→ Exercise instructions
After finding "Prabal Gurung Graffiti" in the data, write out its line and all following lines without change, up to and including the last one. Leave out pictures.

→ Collected data
"""

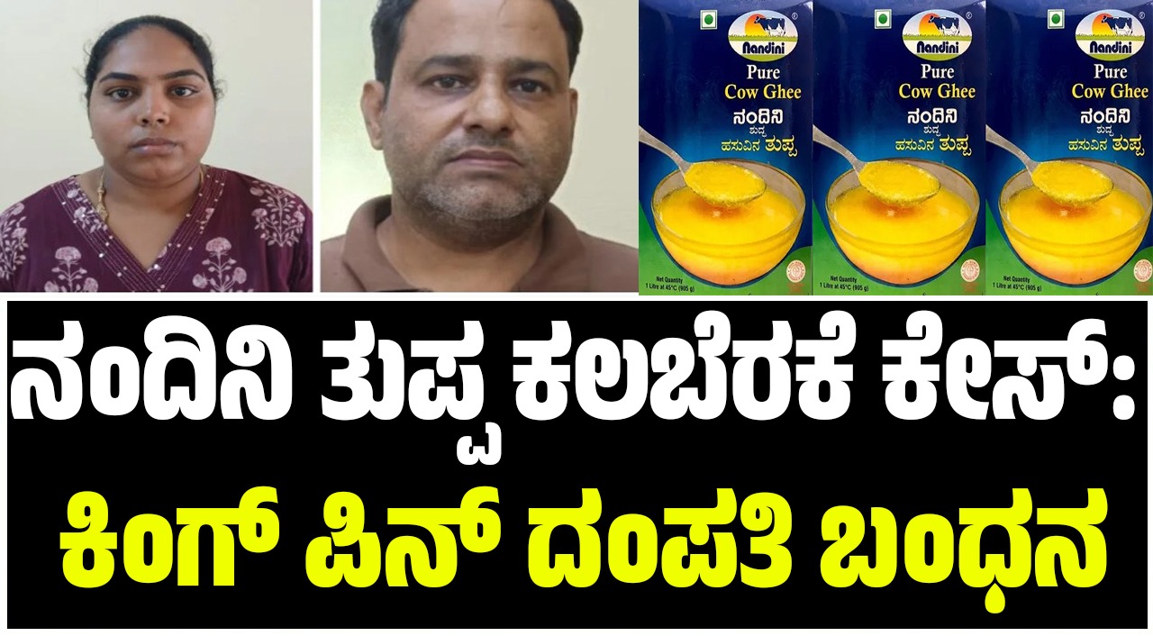 ಇತ್ತಿಚೆಗೆ ನಕಲಿ ನಂದಿನಿ ತುಪ್ಪ ತಯಾರಿ ಘಟಕದ ಮೇಲೆ ಸಿಸಿಬಿ ಪೊಲೀಸರ ದಾಳಿ ನಡೆಸಿ ನಾಲ್ವರನ್ನ ಬಂಧಿಸಿ 1.26 ಕೋಟಿ ರೂ. ಮೌಲ್ಯದ ಕಲಬೆರೆಕೆ ತುಪ್ಪ ವಶಕ್ಕೆ ಪಡೆದಿದ್ದರು. ಬಳಿಕ ಪ್ರಕರಣದ ಪ್ರಮುಖ ಆರೋಪಿ ಶಿವಕುಮಾರ್ ಎಂಬುದು ತನಿಖೆಯಲ್ಲಿ ಗೊತ್ತಾಗಿತ್ತು. ಆದರೆ ನಾಲ್ವರ ಬಂಧನದ ಬಳಿಕ ಶಿವಕುಮಾರ್ ಪರಾರಿಯಾಗಿದ್ದ. ಸಿಸಿಬಿ ಪೊಲೀಸರು ನಿರಂತರ ಕಾರ್ಯಾಚರಣೆ ನಡೆಸಿ ಶಿವಕುಮಾರ್ ದಂಪತಿ ಬಂಧಿಸಿದ್ದಾರೆ.
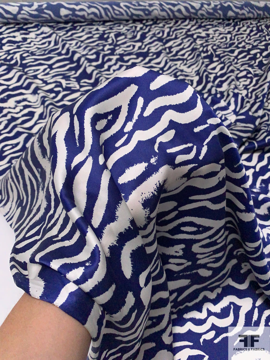 Prabal Gurung Graffiti Animal Pattern Printed Silk Charmeuse - Navy / Off-White
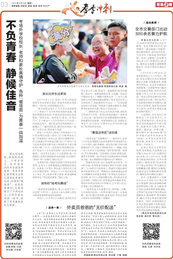 笔尖划过纸张,梦想跃然纸上。上周末两天,全市迎来2025年全国夏季高考。青岛早报记者用镜头全程记录多处考场外赴考、护考的“暖场面”。这些真情瞬间,为高考赋予了不同的含义,让考生在此青春一战中,收获了更多维的成长与收获。
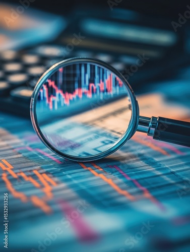 Examining stock market trends with a magnifying glass and calculator in a modern financial environment

"""

→ Task result
 Prabal Gurung Graffiti Animal Pattern Printed Silk Charmeuse - Navy / Off-White
 笔尖划过纸张,梦想跃然纸上。上周末两天,全市迎来2025年全国夏季高考。青岛早报记者用镜头全程记录多处考场外赴考、护考的“暖场面”。这些真情瞬间,为高考赋予了不同的含义,让考生在此青春一战中,收获了更多维的成长与收获。
 Examining stock market trends with a magnifying glass and calculator in a modern financial environment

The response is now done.